David Brooks’ The Afghan Imperative is a strong argument for McChrystal’s assessment of Afghanistan, and while everyone and their dog has blogged a response to this op-ed, I’ll say only that I find it to be a strong case. But this in particular rang true:
Proponents of withdrawal often acknowledge the costs of defeat but argue that the cause is hopeless anyway. On this, let me note a certain pattern. When you interview people who know little about Afghanistan, they describe an anarchic place that is the graveyard of empires. When you interview people who live there or are experts, they think those stereotypes are rubbish. They usually take a hardened but guardedly optimistic view. Read Clare Lockhart’s Sept. 17 testimony before the Senate Foreign Relations Committee to get a sense of the way many knowledgeable people view the situation.
No freakin’ kidding. Something to keep in mind when reading your way through this discussion.
The Washington Post covers Friday’s meeting between McChrystal, Mullen, Petraeus, and Admiral James Starvidis (supreme allied commander of NATO) in Germany. I bet that wasn’t just scotch and cigars.
The NYT has a rundown of the competing voices in Obama’s review of Afghanistan. Good overview of the political situation.
Scott Simon from NPR has a short excerpt on the destructiveness of the Taliban that is well worth reading/listening to.
The Taliban outlawed news, art, music, theater, song, literature, dance, sport, comedy and any religion but theirs. They built a society in which women were captive, dissenters were prisoners and minorities — Buddhists, the Hazara people or gays — were marked for extinction.

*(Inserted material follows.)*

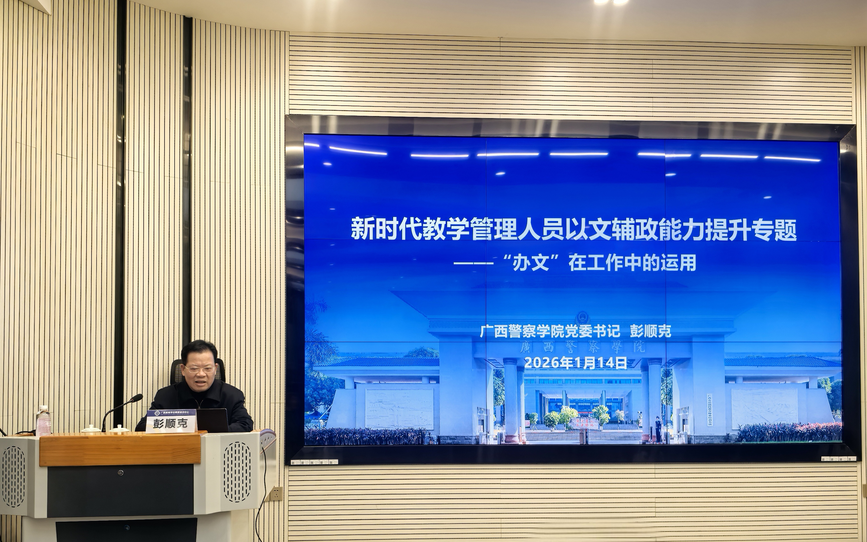开班仪式后,彭顺克以“新时代教学管理人员以文辅政能力提升——‘办文’在工作中的运用” 为题为全体学员授课。他紧密结合公安院校教学管理工作实际,通过典型案例,系统讲解了公文写作的规范要求、实用技巧以及关键环节的注意事项,为广大学员提升公文处理能力提供了精准指导。

And as sort of a corollary, Newsweek has The Taliban’s Oral History of the Afghanistan War, which is long and difficult and strange to read. You should read it anyway.

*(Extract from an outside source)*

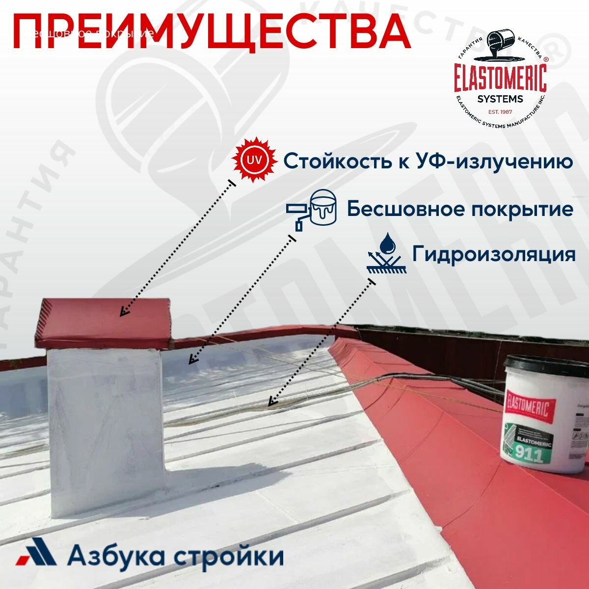 Гидроизоляционная мастика Elastomeric 911 - гидроизоляция для кровли и окраски металлических крыш. Жидкая резина для кровли - водонепроницаемый герметик для ремонта крыши

AP via Newsday covers US forces moving into Afghan city with some amazing photographs.
The Special Forces soldiers spend their days in and around Nili meeting with local leaders, visiting schools and helping the doctors at the province’s two hospitals. Everywhere they go, they bring soccer balls and backpacks for the children and radios and food for the adults. They never give out aid directly, relying instead on the elders or Afghan police.

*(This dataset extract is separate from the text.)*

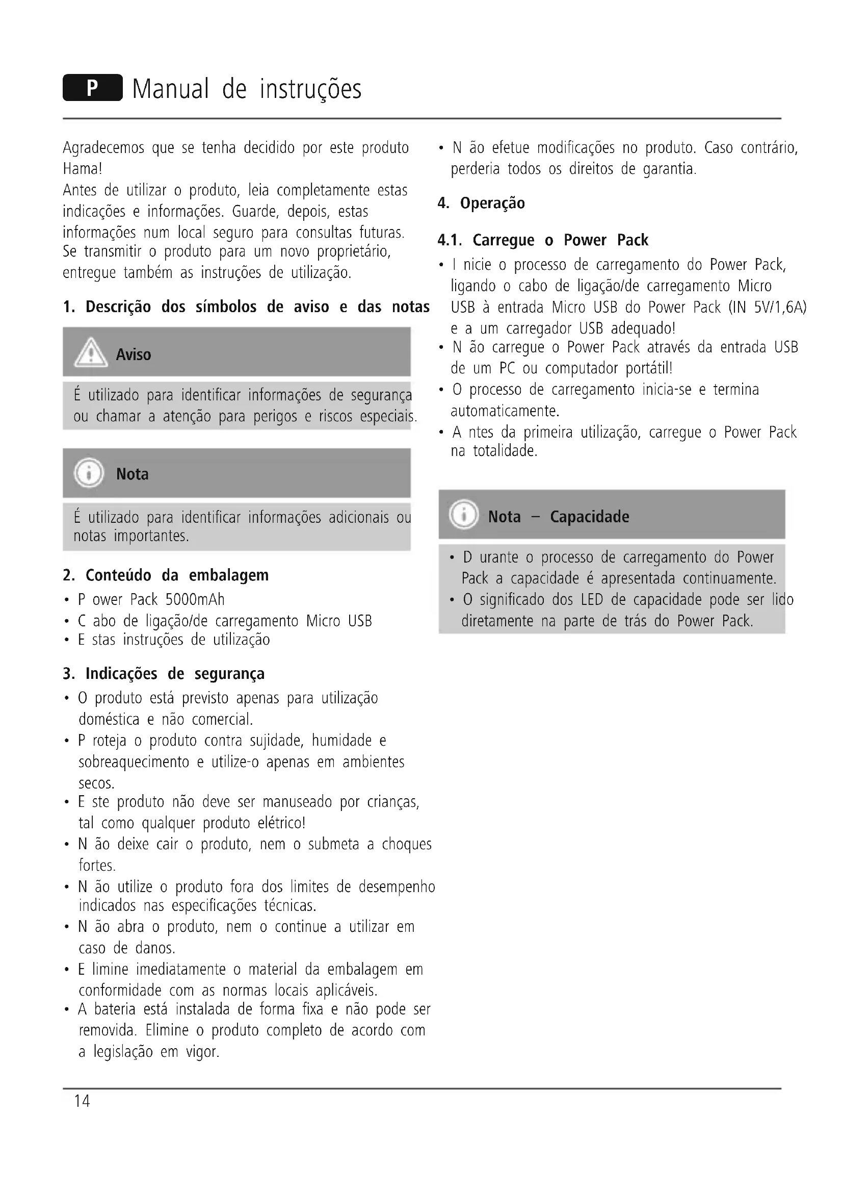 Encontre gratuitamente o manual do aparelho Power Pack 00128076 HAMA em formato PDF.

“These guys have to learn how to do this,” said Capt. Mark, a former enlisted Green Beret and helicopter pilot whose deep blue eyes draw immediate notice among Afghans. “That way when we are gone, the ideals are already in place.” The Special Forces soldiers, who all have thick beards to blend in with Afghan culture, are only identified by their first names under rules for journalists embedded with them.
This is pretty much COIN in action.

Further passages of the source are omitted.